Ciò non toglie che il nostro impegno associativo debba essere rivolto innanzitutto ai ragazzi che vanno sui campi e alle persone che li accompagnano, con la logica del dono. Ma non ci si deve fermare a questo: all’operatore CSI si chiede un impegno che va ben oltre la buona organizzazione dei campionati, delle attività formative e quant’altro. Egli deve anche saper riflettere sui contenuti per generare proposte, rifuggendo il rischio di scadere nella mediocrità.  Ancor di più, è chiamato a donare la propria vita per il bene comune, credendo fortemente nella propria missione sociale: stare vicino alla gente per capirne i problemi, per poi avviare processi volti alla trasformazione della società stessa facendo i passi opportuni.

Questo significa avere la volontà di partecipare, di stringere alleanze e di avere interlocutori validi, di assumersi delle responsabilità, intendendo la vita politica come servizio e la vita associativa come il dare risposte a bisogni pratici, avendo alle spalle la guida e il conforto della Chiesa.
“Ricostruire, ricucire, ripacificare – ha sottolineato il Vescovo Bassetti – sono un cammino concreto da fare insieme, comunità ecclesiale e cittadini. La nostra società ha pulsioni differenti e contrastanti; negli ultimi anni si sta diffondendo un modus vivendi concentrato sull’individualismo, che vede il più debole come un peso.
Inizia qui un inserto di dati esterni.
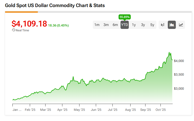 금은 2025년 최고 성과를 낸 자산 중 하나로, 올해 50% 이상 상승했다.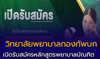 นักเรียน วิทยาลัยพยาบาลกองทัพบก เปิดรับสมัครหลักสูตรพยาบาลศาสตรบัณฑิต ประจำปีการศึกษา 2568 EZ Webmaster April 7, 2025 วิทยาลัยพยาบาลกองทัพบก เปิดรับสมัครแล้ว วันนี้ – 21 เมษายน 2568 กำหนดการรับสมัคร จำนวนการรับ รับ จำนวน 80 คน รับทั้งเพศชายและเพศหญิง โดยจำแนกเป็น 3…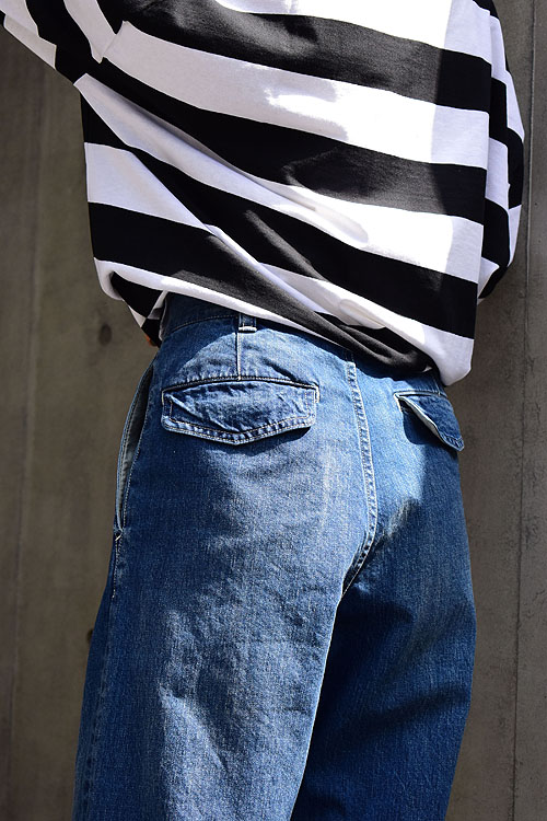 ジッパーフライ仕様で、後ろポケットはフラップポケットになっています。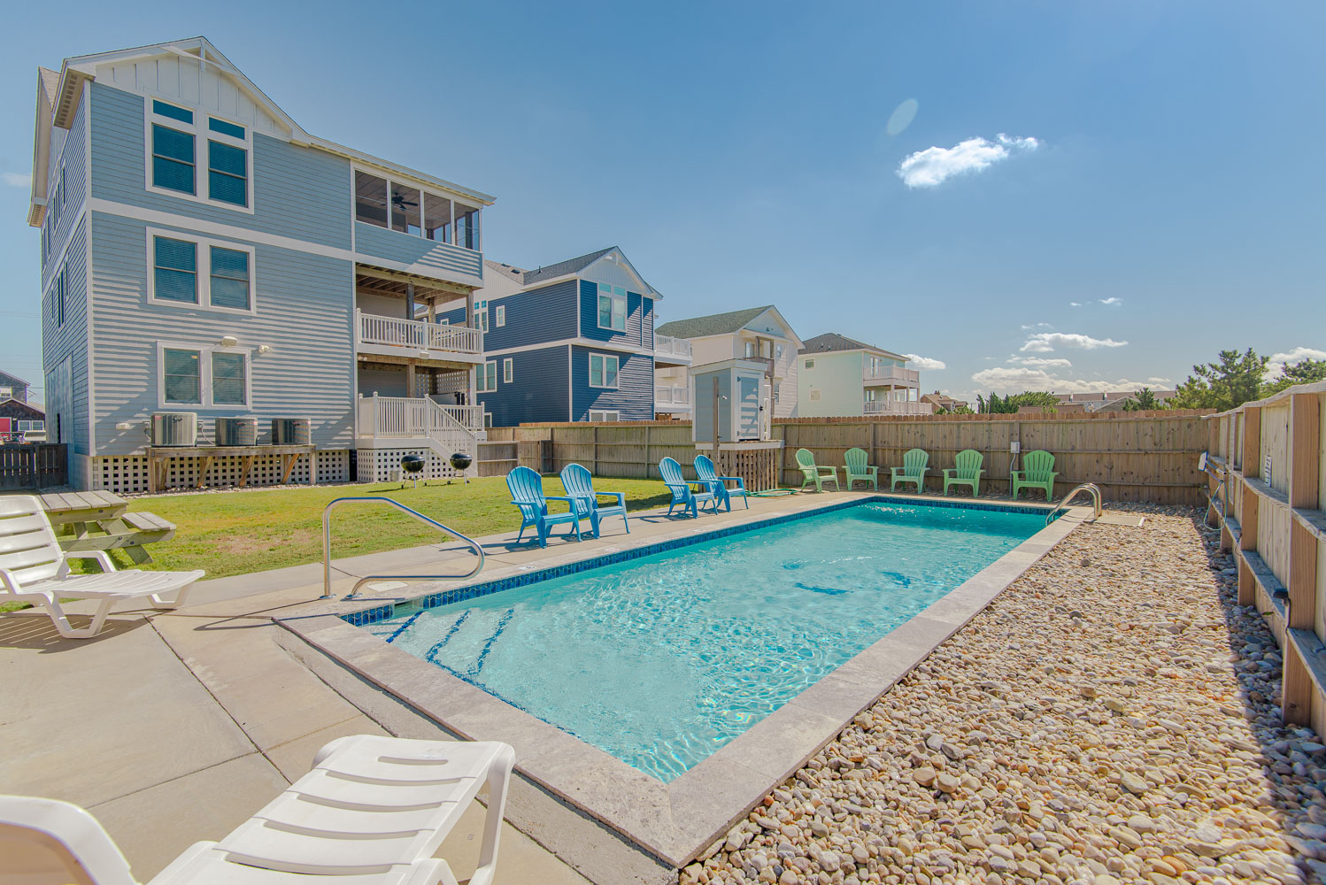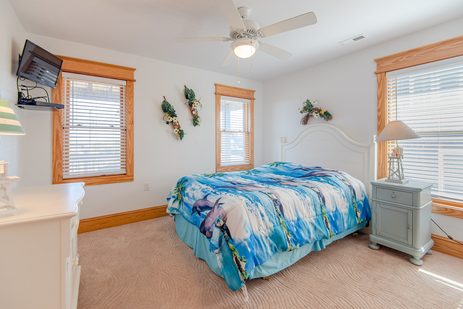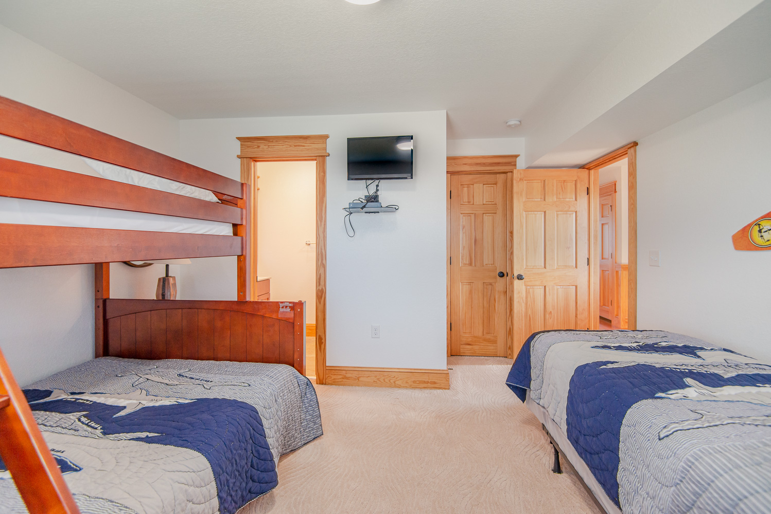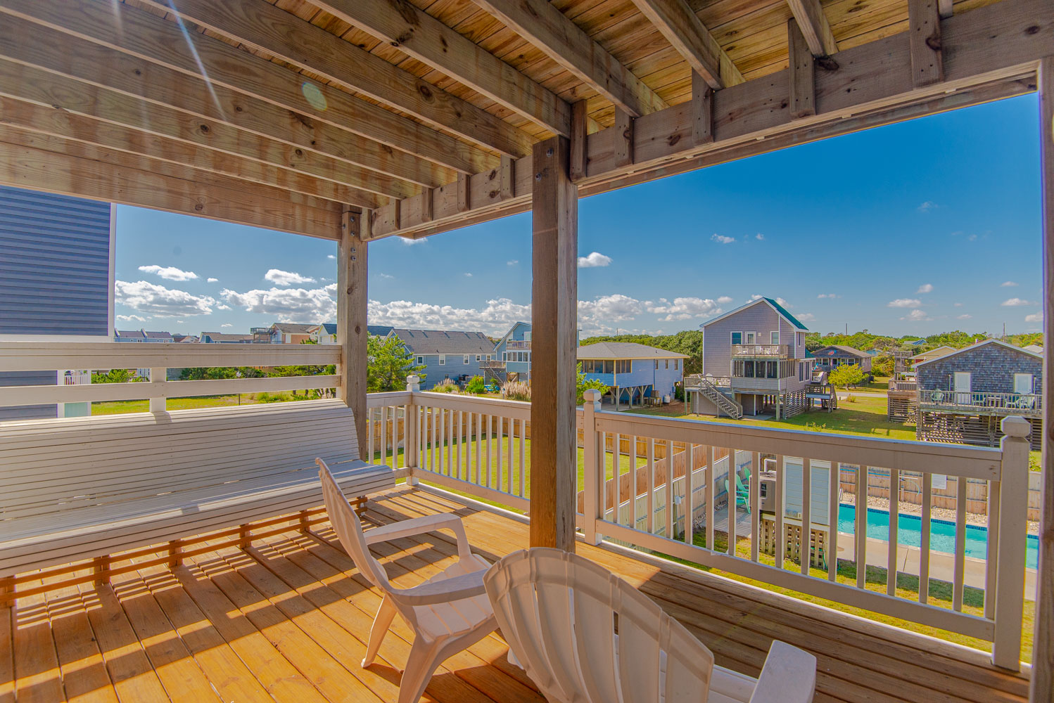 Mid Level: 4 Bedrooms (2 Private Suites w/King, TV, Full Bath, Private Suite w/2 Singles, TV, Full Bath, and Private Suite w/Duo Bunk, Single, TV, Blu Ray/ DVD and Full Bath), Front Covered Deck w/Ocean Views, and Back Covered Deck w/Built-In Bench Overlooking Pool Area.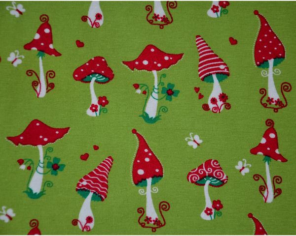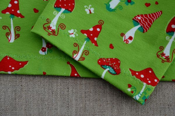 Super le tissu, j’adore les champignons, en plus ils ont l’air très appétissants non!! L’association avec le tissu rouge à pois est tout simplement parfaite. Et puis j’aime bien la forme ainsi que les poches sur le côté.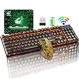 Wieless Gaming Keyboard and Mouse Combo Rainbow Backlight Quiet Ergonomic Mechanical Feeling Anti-ghosting Keyboard Mouse with Rechargeable 4000mAh Battery Mouse Pad for Computer Mac Gamer

Per ricostruire il paese e pacificare la società dobbiamo impegnarci tutti in opere e in carità, perché la carità unisce e rinfranca, e sconfigge la paura.”
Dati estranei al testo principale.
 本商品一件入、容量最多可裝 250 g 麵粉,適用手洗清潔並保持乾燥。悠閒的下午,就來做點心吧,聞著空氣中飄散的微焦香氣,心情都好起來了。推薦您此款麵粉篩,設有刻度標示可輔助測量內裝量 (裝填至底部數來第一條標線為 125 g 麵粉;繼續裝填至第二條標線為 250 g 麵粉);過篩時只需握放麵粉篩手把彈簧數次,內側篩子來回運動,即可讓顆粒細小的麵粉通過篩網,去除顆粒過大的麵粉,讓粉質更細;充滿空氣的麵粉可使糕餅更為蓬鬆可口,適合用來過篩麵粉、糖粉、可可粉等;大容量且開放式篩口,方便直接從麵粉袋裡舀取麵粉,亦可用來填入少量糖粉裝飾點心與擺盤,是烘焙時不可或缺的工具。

Nella sessione conclusiva della convention di Assisi, questi temi sono stati ripresi nella tavola rotonda sulla vita del CSI, che ha avuto al centro il Presidente CSI Emilia Romagna Raffaele Candini e il vicepresidente nazionale Marco Calogiuri, ma ha avuto anche numerosi contributi sia da parte degli stessi presidenti CSI Abruzzo, Marche, Lazio e Umbria, che degli altri dirigenti presenti in sala.
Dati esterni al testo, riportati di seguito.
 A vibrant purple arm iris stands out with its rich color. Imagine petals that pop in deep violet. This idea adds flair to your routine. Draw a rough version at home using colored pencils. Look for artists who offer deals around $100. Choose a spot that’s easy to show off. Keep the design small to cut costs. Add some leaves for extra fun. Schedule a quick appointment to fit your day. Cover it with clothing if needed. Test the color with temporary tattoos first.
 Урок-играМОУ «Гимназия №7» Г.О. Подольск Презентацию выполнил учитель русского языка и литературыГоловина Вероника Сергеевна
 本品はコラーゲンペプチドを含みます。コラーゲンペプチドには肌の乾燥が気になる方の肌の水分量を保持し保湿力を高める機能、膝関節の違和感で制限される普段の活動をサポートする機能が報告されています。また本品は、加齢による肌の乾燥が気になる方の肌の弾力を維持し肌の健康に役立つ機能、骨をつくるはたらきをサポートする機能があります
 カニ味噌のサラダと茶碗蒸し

Attività sportiva, formazione, stile CSI, appartenenza ecclesiale, sono stati gli assi portanti dei dibattiti, proprio per porre le basi per un rinnovamento improntato sulle linee sopra esposte.
In conclusione, il presidente nazionale Vittorio Bosio, ha manifestato anch’egli il desiderio di “rimettere insieme l’associazione per far sì che il CSI possa lavorare per un futuro migliore per tutti quelli che, senza di noi, non troverebbero chi li accoglie.  Le problematiche da affrontare sono tante, sia all’interno che all’esterno. Le società sportive hanno tante esigenze, che spesso si scontrano con la sempre più accentuata crisi del volontariato. Se non stiamo attenti in futuro avremo sempre meno ASD e sempre più società lucrative che pensano al bene proprio e non a quello dei ragazzi. E a rendere la situazione ancor più preoccupante c’è il fatto che né il Governo, né il CONI, rispetto alle novità recentemente introdotte, finora hanno parlato di società sportive.”

E’ stata una presa di coscienza molto importante, quella fatta ad Assisi. Ora tocca a tutti noi tradurre le parole in fatti, senza se e senza ma.